▶ _Task description_:
For this exercise, repeat exactly the lines below starting at the line holding "насыщенным и гармоничным." and ending at the line holding "清末民初历史老照片:8、农民", both included, with no extra lines and no pictures.

▶ _Data for review_:
--- START ---
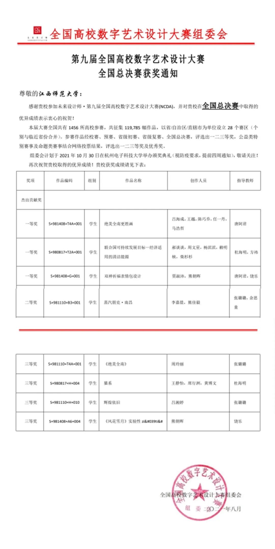 江西师范大学华亿平台师生积极参加未来设计师·第九届全国高校数字艺术设计大赛(NCDA),并在全国总决赛中取得了优异的成绩,热烈祝贺获奖师生!
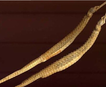 《纲目拾遗》:《赤嵌集》,海龙,产澎湖澳,冬日双跃海滩,渔人获之,号为珍物,首尾似龙,无牙、爪,大者尺余,入药。《译史》,此物有雌雄,雌者黄,雄者青。
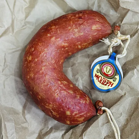 Колбаса "Модерн" создана для настоящих ценителей качественного мяса. В её основе - говядина высшего сорта, дополненные хребтовым шпиком. Именно этот баланс постного мяса и сочных вкраплений сала делает вкус колбасы особенно насыщенным и гармоничным.
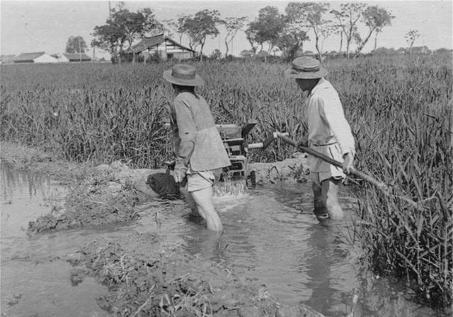 清末民初历史老照片:8、农民人工给水泵,这种是用手制动的,还有用脚踩的。农民将水从小沟里运输到自己的稻田里。
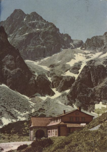 Tatry Wysokie. Schronisko Brnčala w Dolinie Zielonego Stawu Kieżmarskiego. Od lewej: Durny Szczyt i Pyszny Szczyt. Tytuł również w języku: ros., ang., niem.
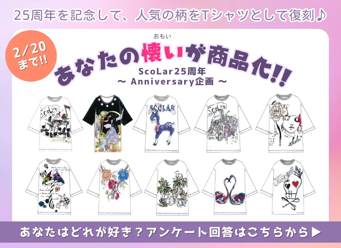 SCOLARのロゴの周りに草花をあしらった、
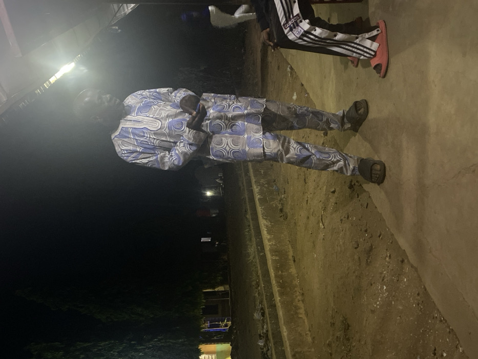 A person in a patterned shirt and pants stands outdoors at night. The scene is dark, with light illuminating the person and the immediate area. Another person wearing Adidas track pants and slides is partially visible. The ground appears to be a mix of dirt and concrete. In the background, dim lights and vague shapes of buildings and trees are discernible.
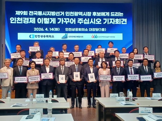 인천상공회의소와 인천경제단체협의회, 인천경제정의실천시민연합은 14일 인천상의 대강당에서 기자회견을 열고 인천광역시장 후보자들에게 전달할 정책 제안서 ‘인천경제 이렇게 가꾸어 주십시오’를 공개하며 적극적인 정책 반영을 촉구했다.
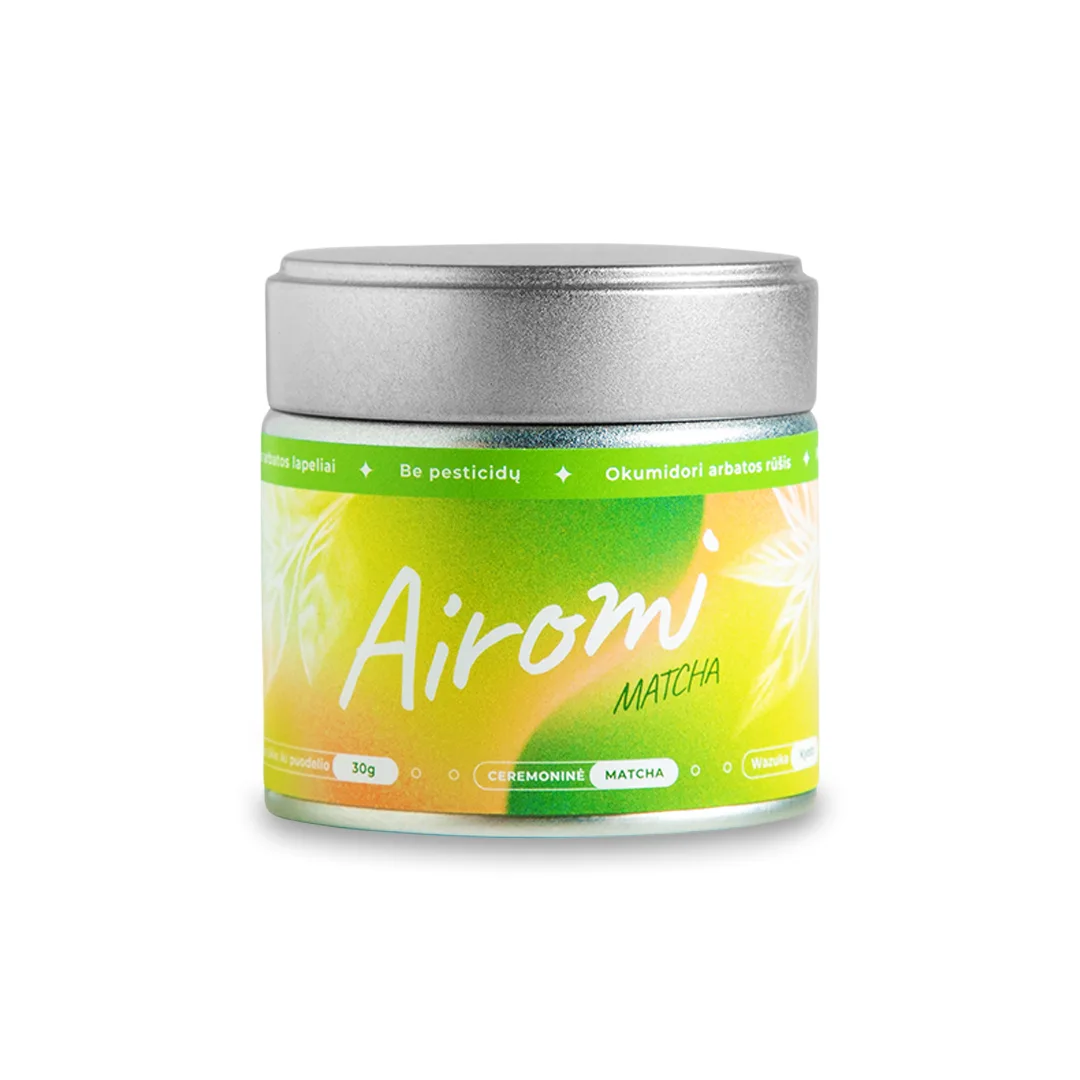 Sutalpinta mažame, ryškiai žaliame miltelių indelyje. Įsivaizduok, kaip senoviniuose Japonijos soduose ankstyvą pavasario rytą rankomis skinami švelniausi arbatos lapeliai. Kruopščiai atrinkti, jie lėtai sumalami tradiciniais akmeniniais malūnais, taip išsaugant visą savo trapų aromatą ir skonio gilumą.
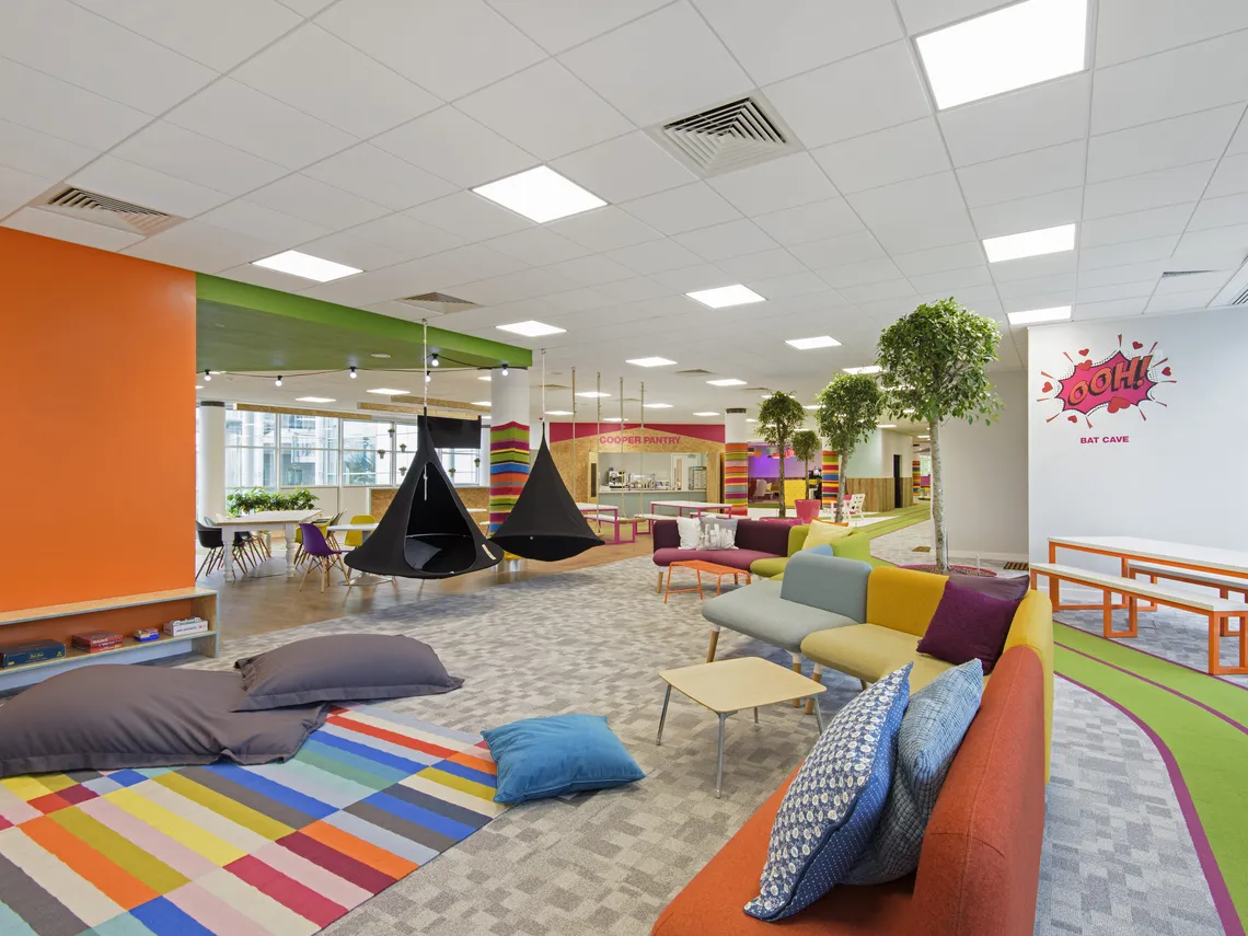 As the nature of work becomes more group-based, companies are abandoning the old model of one person to a desk, in favor of more shared groups spaces and more unassigned seating. This suits the agile, connected modern worker who spends most of their time on group work rather than solo work. Furthermore, even when it comes to solo work, many mobile workers don’t need a standard desk of their own and prefer working in shared social spaces. At PKF Cooper Parry’s playful offices, a wide variety of shared spaces are on offer, as are banks of HotLockers that allow employees to safely store personal belongings without having an assigned space. Workplaces like these, where employees share all spaces equally, encourage teamwork, socializing and collaborative spirit.
--- END ---
▶ _Answer space_:
 Колбаса "Модерн" создана для настоящих ценителей качественного мяса. В её основе - говядина высшего сорта, дополненные хребтовым шпиком. Именно этот баланс постного мяса и сочных вкраплений сала делает вкус колбасы особенно насыщенным и гармоничным.
 清末民初历史老照片:8、农民人工给水泵,这种是用手制动的,还有用脚踩的。农民将水从小沟里运输到自己的稻田里。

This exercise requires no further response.